- **Task goal**
Your answer should be the lines from the one with "3月7日上午,学生代表们带着" to the end of the data below, both included, exact and free of pictures.

- **Dataset excerpt**
^^^^^^^^

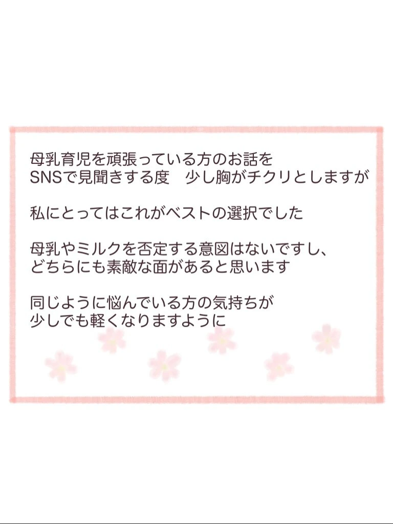 母乳拒否に悩み、完全ミルクに切り替える決意をしたママ。母子ともに、穏やかな気持ちでいられるようになりました。わが家はこのスタイルが良かったんだと思いつつ、母乳育児をしている人を見ると、胸がチクリとすることもあります。
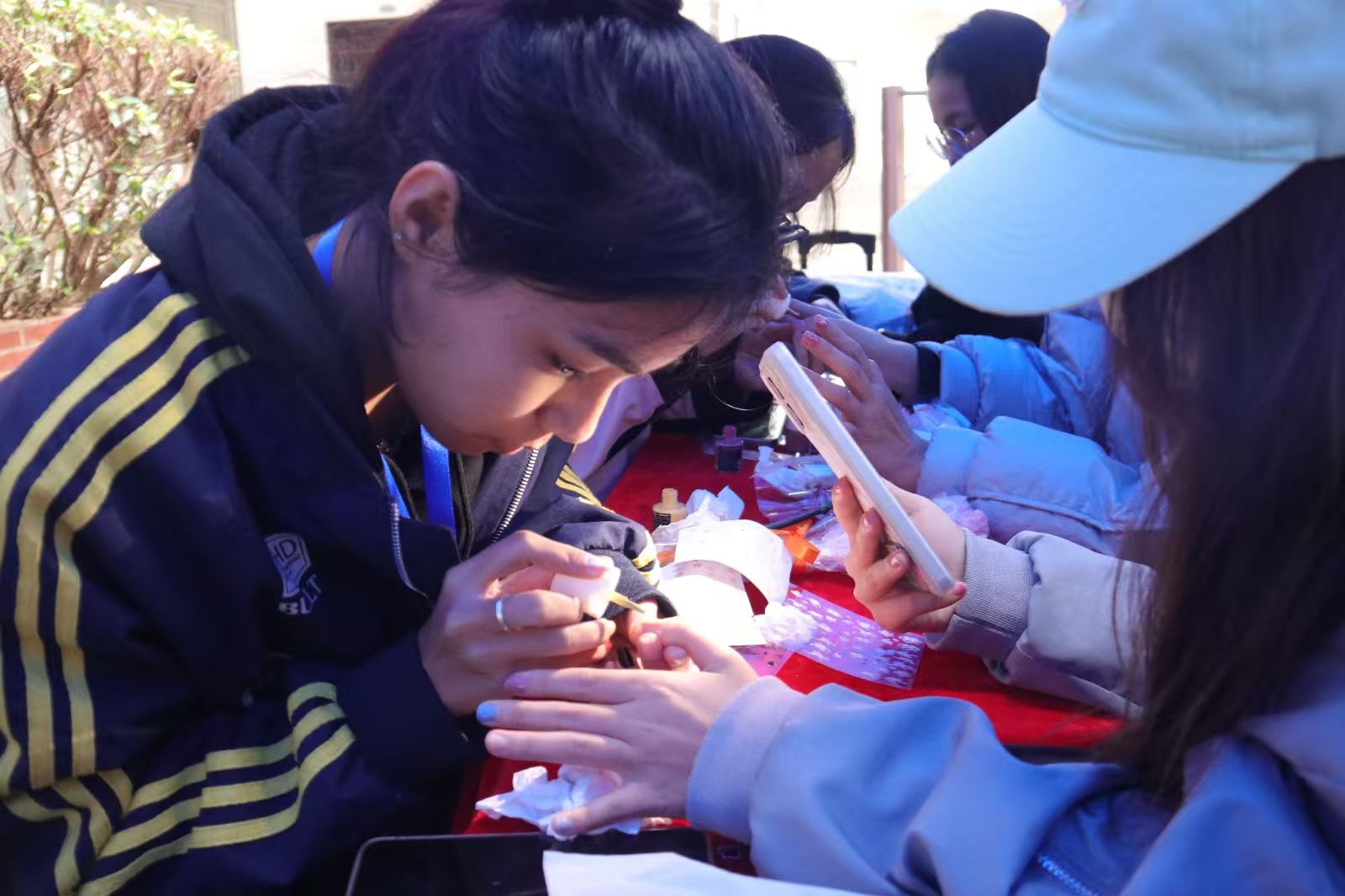 3月7日上午,学生代表们带着灿烂的笑容,手捧一束束鲜花,逐一送到女教职工手中,并送上真挚的节日祝福。每一束鲜花都传递着无尽的感恩与敬爱,让收到礼物的老师们脸上绽放出幸福的笑容。下午,四教一楼空地化身为美甲DIY的乐园,琳琅满目的指甲油和贴纸激发了女性们的无限创意。在欢声笑语中,大家纷纷动手,或在工作人员的指导下,为自己的指尖增添了一抹亮色。一幅幅精美的美甲作品逐一呈现,让人眼前一亮。
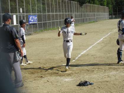 打線は続き、出塁のNさんが2塁へ盗塁。ここでキャッチャーの送球がそれるのを見て一気にホームへ。相手のスキを突き、見事、同点に追いつきます。やったー!
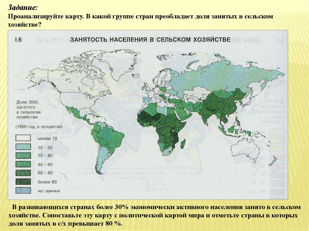 Задание:Проанализируйте карту. В какой группе стран преобладает доля занятых в сельском

^^^^^^^^

- **Result below**
 3月7日上午,学生代表们带着灿烂的笑容,手捧一束束鲜花,逐一送到女教职工手中,并送上真挚的节日祝福。每一束鲜花都传递着无尽的感恩与敬爱,让收到礼物的老师们脸上绽放出幸福的笑容。下午,四教一楼空地化身为美甲DIY的乐园,琳琅满目的指甲油和贴纸激发了女性们的无限创意。在欢声笑语中,大家纷纷动手,或在工作人员的指导下,为自己的指尖增添了一抹亮色。一幅幅精美的美甲作品逐一呈现,让人眼前一亮。
 打線は続き、出塁のNさんが2塁へ盗塁。ここでキャッチャーの送球がそれるのを見て一気にホームへ。相手のスキを突き、見事、同点に追いつきます。やったー!
 Задание:Проанализируйте карту. В какой группе стран преобладает доля занятых в сельском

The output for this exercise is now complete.